**Your instructions**.
In the copy, keep the lines from the first line of the material below through the line containing "平等院見学の後で訪れました。" exactly as they are, and include no pictures.

::::

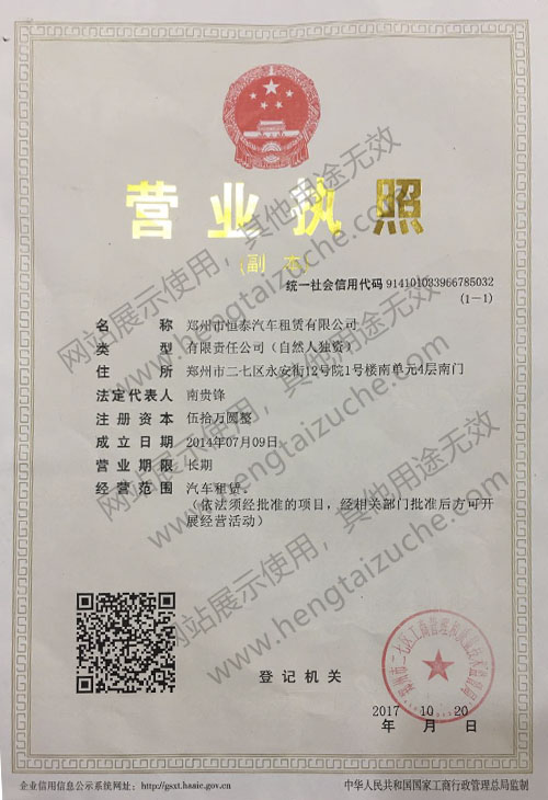 鄭州市恒泰汽車(chē)租賃有限公司
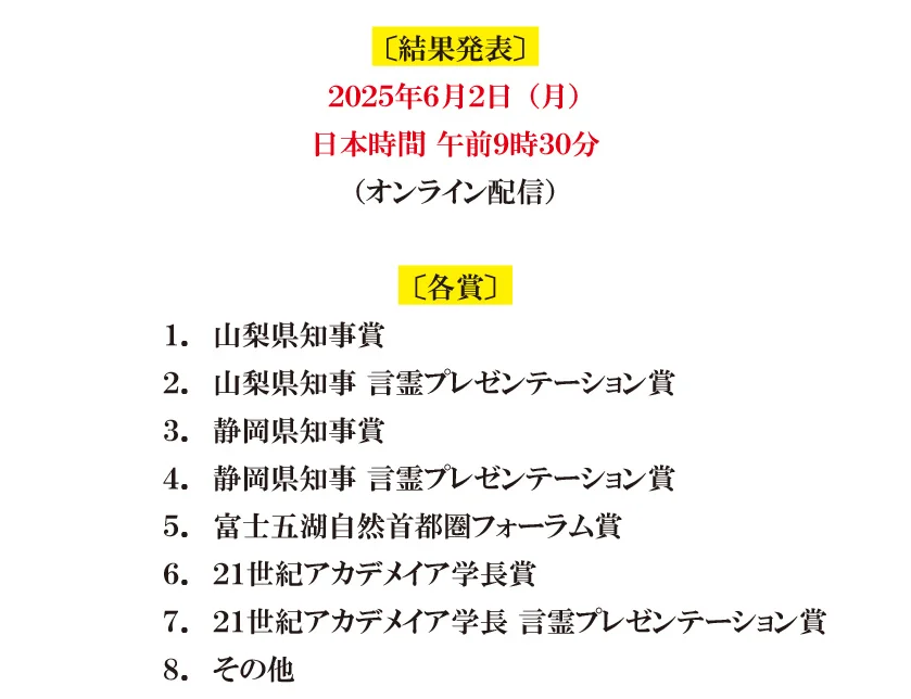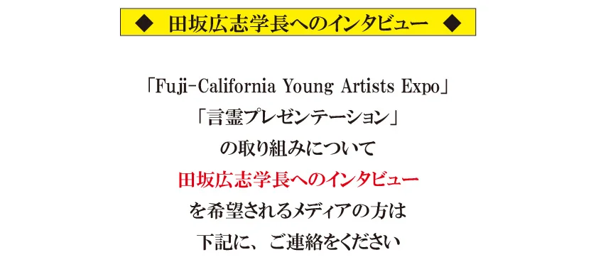 2025.04.11 100カ国の学生とともに、社会課題への想いを発信。「言霊プレゼンテーション」作品募集中!【21世紀アカデメイアが提唱する新しいプレゼンテーションのスタイル】 作品規定はこちら 応募はこちらから 公式HP(英語サイト) 公式HP(英語サイト) カリフォルニア招待訪問について 「ECSAIT」について インタビューのご希望はこちらから メールはこちらへ 問い合わせはこちらのフォームから
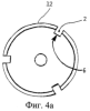 Фигуры 4 и 4а иллюстрируют тороидальную часть 12 захватной пробки, которая содержит три пазовые выемки 2, показанные без соответствующих захватных элементов.
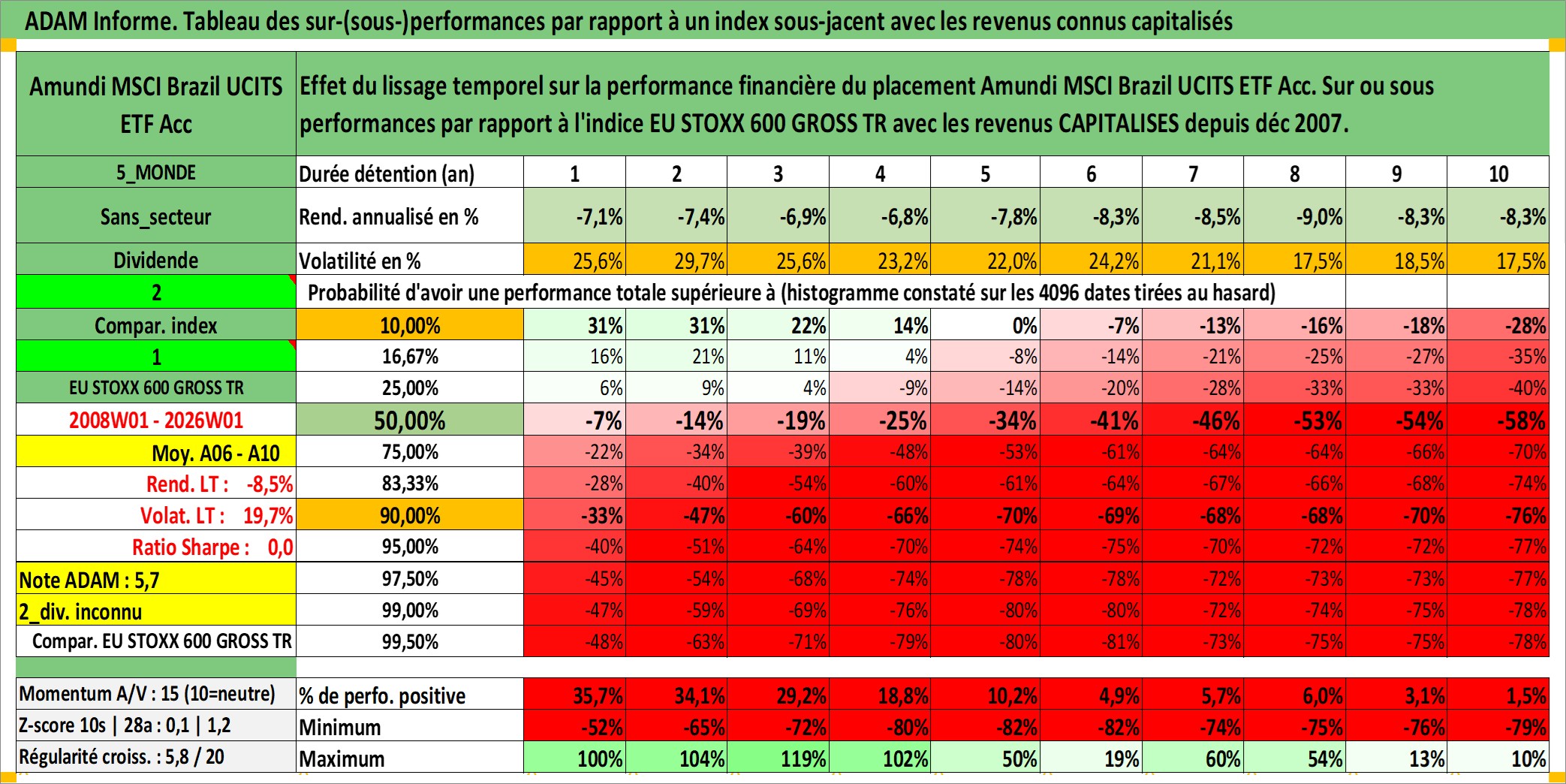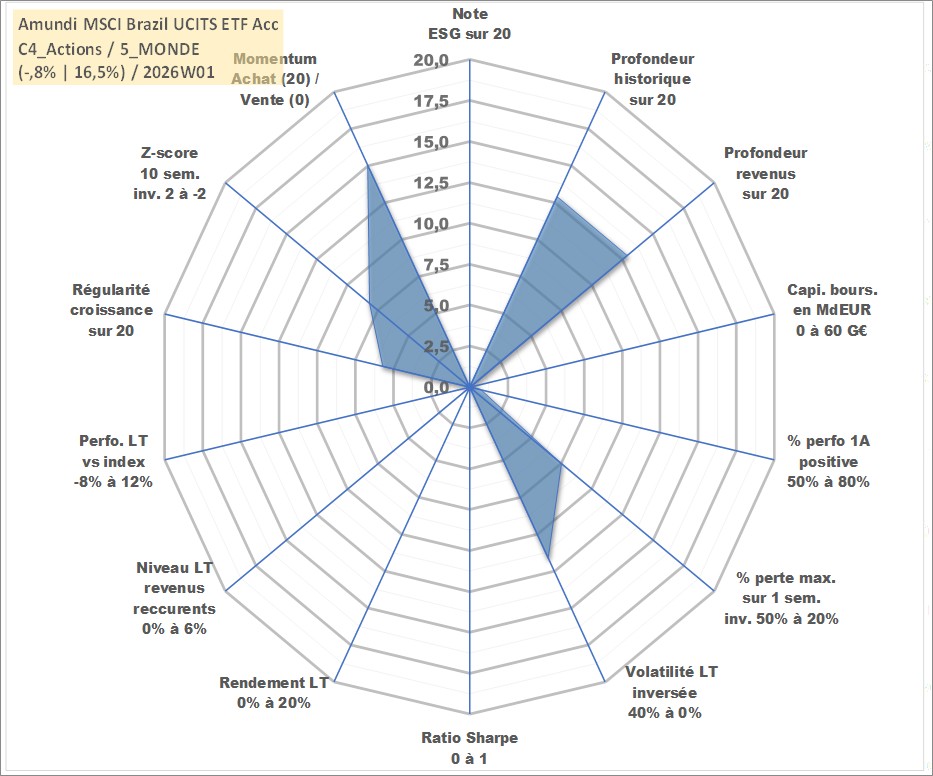 Site dédié aux investisseursPage dédiée sur site financeAnalyse des valorisations hebdomadaires du fonds Amundi MSCI Brazil UCITS ETF Acc. Cet actif est cote en EUR. Les valorisations couvrent les semaines 2008W01 a 2026W01. Les revenus de cet actif financier sont pris en compte depuis la semaine 2008W01. La note ESG de cet actif n'est pas connue.
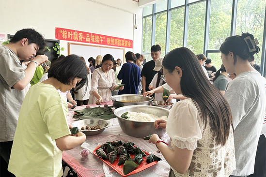 为深入学习贯彻习近平新时代中国特色社会主义思想主题教育,力求将主题教育工作从理论引向实践,欧语学院学生党支部联合智能学院党支部,以关爱困难学生为出发点,以传统文化节日为契机,将关爱困难学生与传承传统文化精神相结合,将弘扬优秀传统文化与主题教育学习相统一,联合智能学院党支部共同举办“粽叶飘香、品味端午”主题活动。学校领导及两院师生和困难生代表一同参加此次活动。
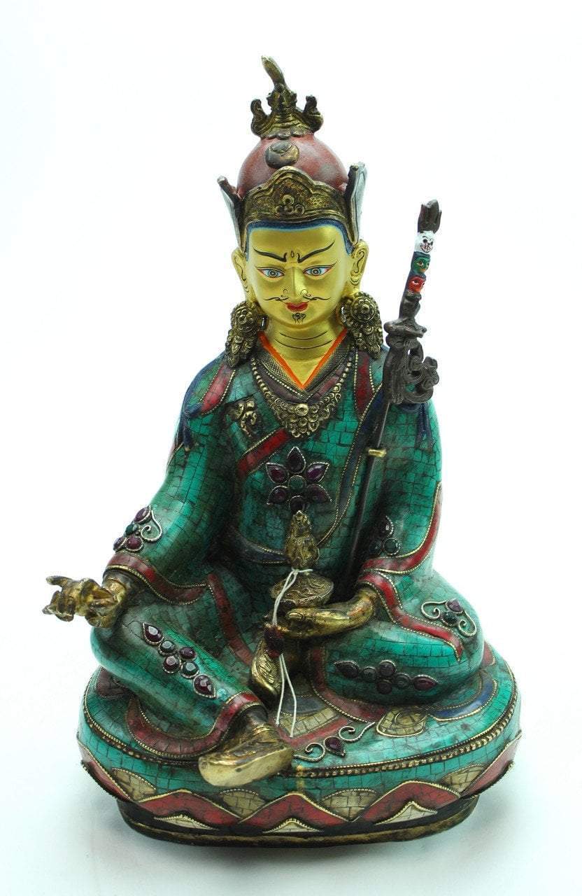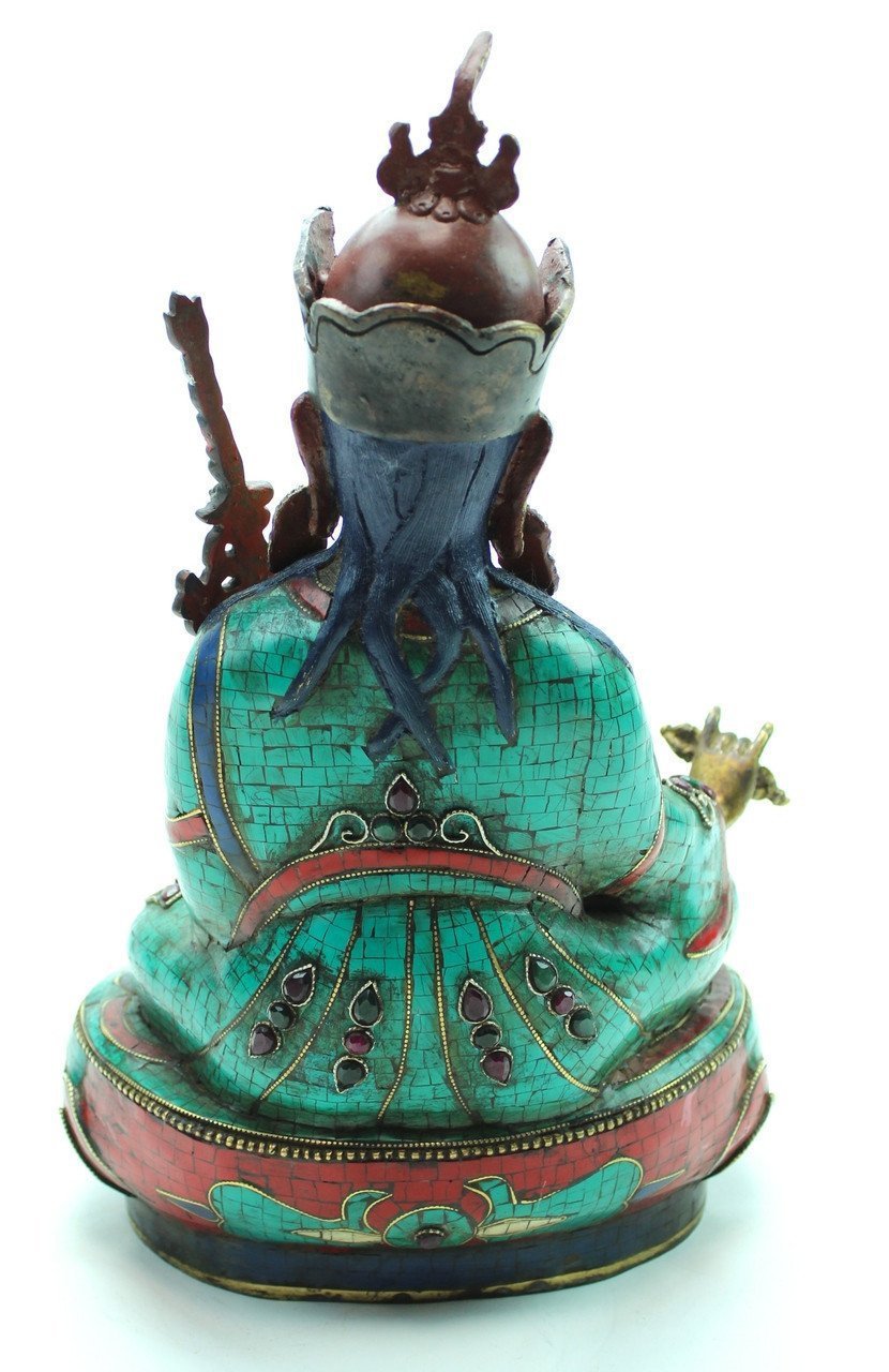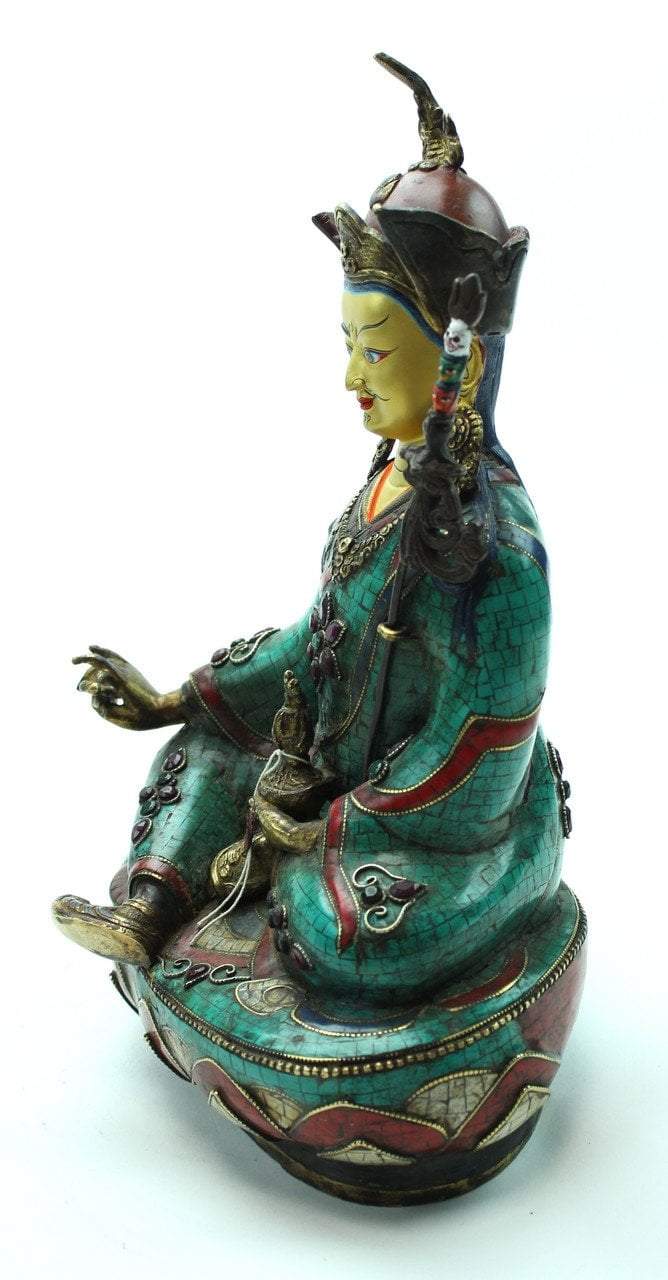 Padmasambhava is also known as Guru Rinpoche. Lost wax casted bronze. Hand tiled mosiac with jewels. Gold painted face. Made in Nepal.
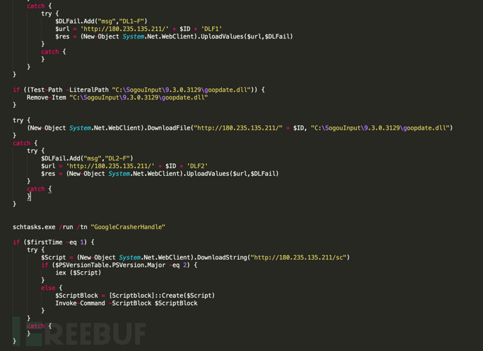 此外,还会还会通过powershell,创建计划任务来下载持久化的工具:
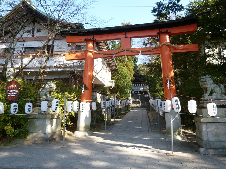 平等院見学の後で訪れました。橋を渡ると宇治神社が目に飛び込ん来ますが、その裏手に入ったところにあるのが宇治上神社です。応神天皇や仁徳天皇を祀っているようで、国宝の本殿はなんと平安時代に建立されたとのこと。寝殿造様式の拝殿も同様に国宝です。
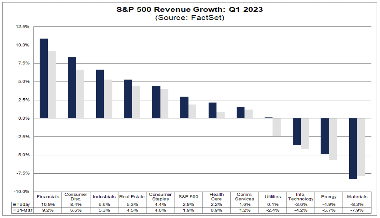 In termini di ricavi, il 74% delle società S&P500 ha riportato ricavi effettivi superiori alle stime, con una percentuale del 2,1% rispetto alle stime degli analisti. Otto settori registrano una crescita anno su anno dei ricavi, guidati dai settori finanziari e dei beni di consumo voluttuari. D'altro canto, tre settori stanno registrando un calo anno su anno dei ricavi, guidati dal settore dei materiali.

::::

**Task answer**.
 鄭州市恒泰汽車(chē)租賃有限公司
 2025.04.11 100カ国の学生とともに、社会課題への想いを発信。「言霊プレゼンテーション」作品募集中!【21世紀アカデメイアが提唱する新しいプレゼンテーションのスタイル】 作品規定はこちら 応募はこちらから 公式HP(英語サイト) 公式HP(英語サイト) カリフォルニア招待訪問について 「ECSAIT」について インタビューのご希望はこちらから メールはこちらへ 問い合わせはこちらのフォームから
 Фигуры 4 и 4а иллюстрируют тороидальную часть 12 захватной пробки, которая содержит три пазовые выемки 2, показанные без соответствующих захватных элементов.
 Site dédié aux investisseursPage dédiée sur site financeAnalyse des valorisations hebdomadaires du fonds Amundi MSCI Brazil UCITS ETF Acc. Cet actif est cote en EUR. Les valorisations couvrent les semaines 2008W01 a 2026W01. Les revenus de cet actif financier sont pris en compte depuis la semaine 2008W01. La note ESG de cet actif n'est pas connue.
 为深入学习贯彻习近平新时代中国特色社会主义思想主题教育,力求将主题教育工作从理论引向实践,欧语学院学生党支部联合智能学院党支部,以关爱困难学生为出发点,以传统文化节日为契机,将关爱困难学生与传承传统文化精神相结合,将弘扬优秀传统文化与主题教育学习相统一,联合智能学院党支部共同举办“粽叶飘香、品味端午”主题活动。学校领导及两院师生和困难生代表一同参加此次活动。
 Padmasambhava is also known as Guru Rinpoche. Lost wax casted bronze. Hand tiled mosiac with jewels. Gold painted face. Made in Nepal.
 此外,还会还会通过powershell,创建计划任务来下载持久化的工具:
 平等院見学の後で訪れました。橋を渡ると宇治神社が目に飛び込ん来ますが、その裏手に入ったところにあるのが宇治上神社です。応神天皇や仁徳天皇を祀っているようで、国宝の本殿はなんと平安時代に建立されたとのこと。寝殿造様式の拝殿も同様に国宝です。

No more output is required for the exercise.